If you are migrating from Rasa pro versions <= 3.7.8
, please double check your flows and custom actions
to make sure none of them break because of this change.
Rasa 3.6 to Rasa Pro 3.7
Installation
Starting from Rasa 3.7.0, Rasa has moved to a new package registry and Docker registry. You will need to update your package registry to install Rasa 3.7.0 and later versions. If you are a Rasa customer, please reach out to your Rasa account manager or support obtain a license.
Python package
Rasa python package for 3.7.0
has been moved to python package registry.

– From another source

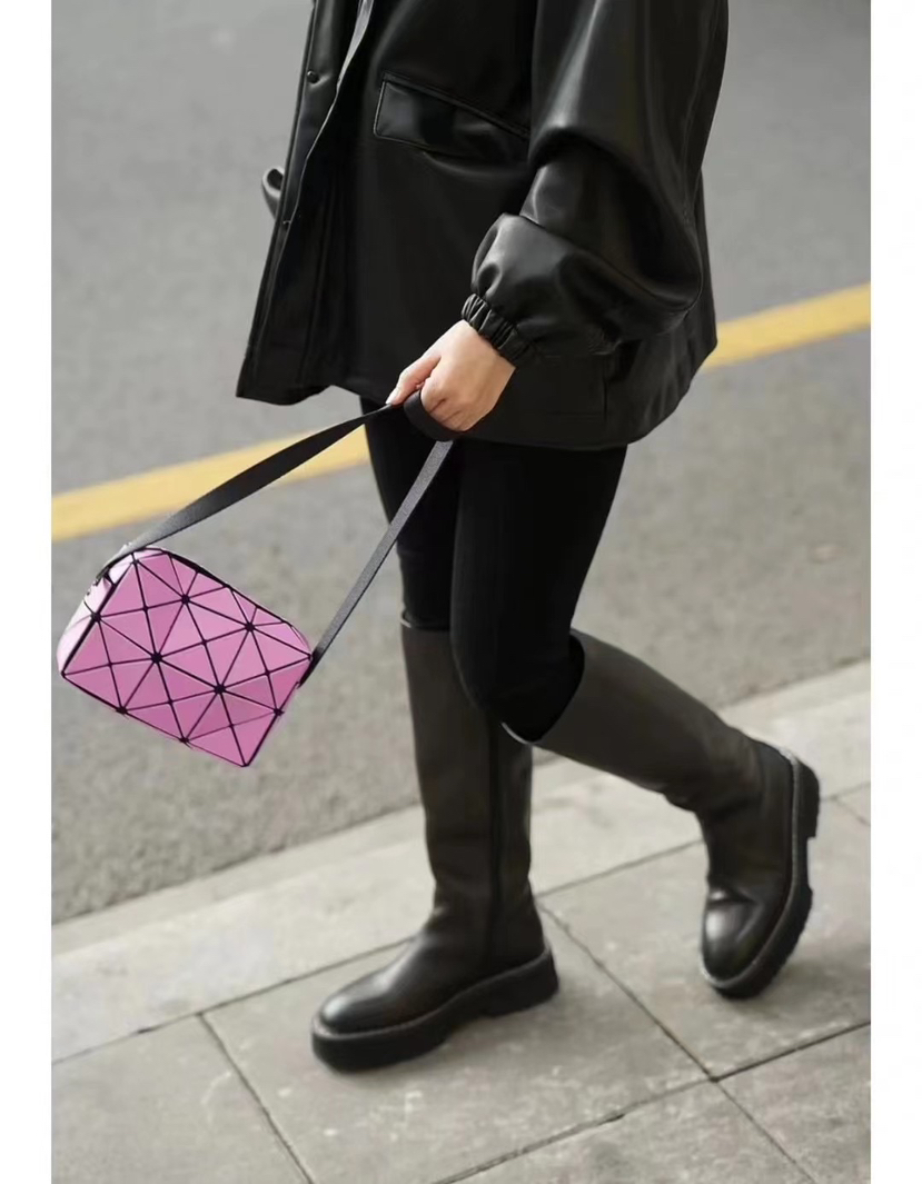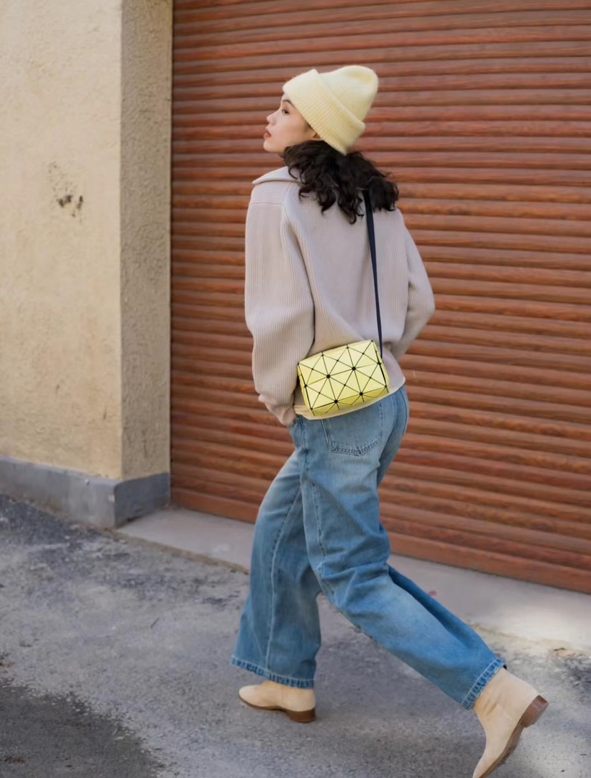 款式简洁实用轻便能装,自是不用说。今年强势用上多巴胺颜色,就是让大家看到就多巴胺上头,大家都很想要眼前一亮的艳丽颜色,来告别晦暗的去年,所以三宅的设计师很懂你。但是大面积的多巴胺颜色,很难驾驭,小方盒的尺寸,让你随便怎么穿,点睛不突兀。而且给保守人士留了经典色。

https://europe-west3-python.pkg.dev/rasa-releases/rasa-plus-py
Name of the package is rasa
.
Example of how to install the package:
pip install --extra-index-url=https://europe-west3-python.pkg.dev/rasa-releases/rasa-plus-py/simple rasa==3.7.0
For more information on how to install Rasa Pro, please refer to the Python installation guide.
Helm Chart / Docker Image
Rasa docker image for 3.7.0
is located at:
europe-west3-docker.pkg.dev/rasa-releases/rasa-docker/rasa
Example how to pull the image:
docker pull europe-west3-docker.pkg.dev/rasa-releases/rasa-docker/rasa:3.7.0
For more information on how to install Rasa Pro Docker image, please refer to the Docker installation guide.
Migrating from older versions
For migrating from Rasa Open Source versions, please refer to the migration guide.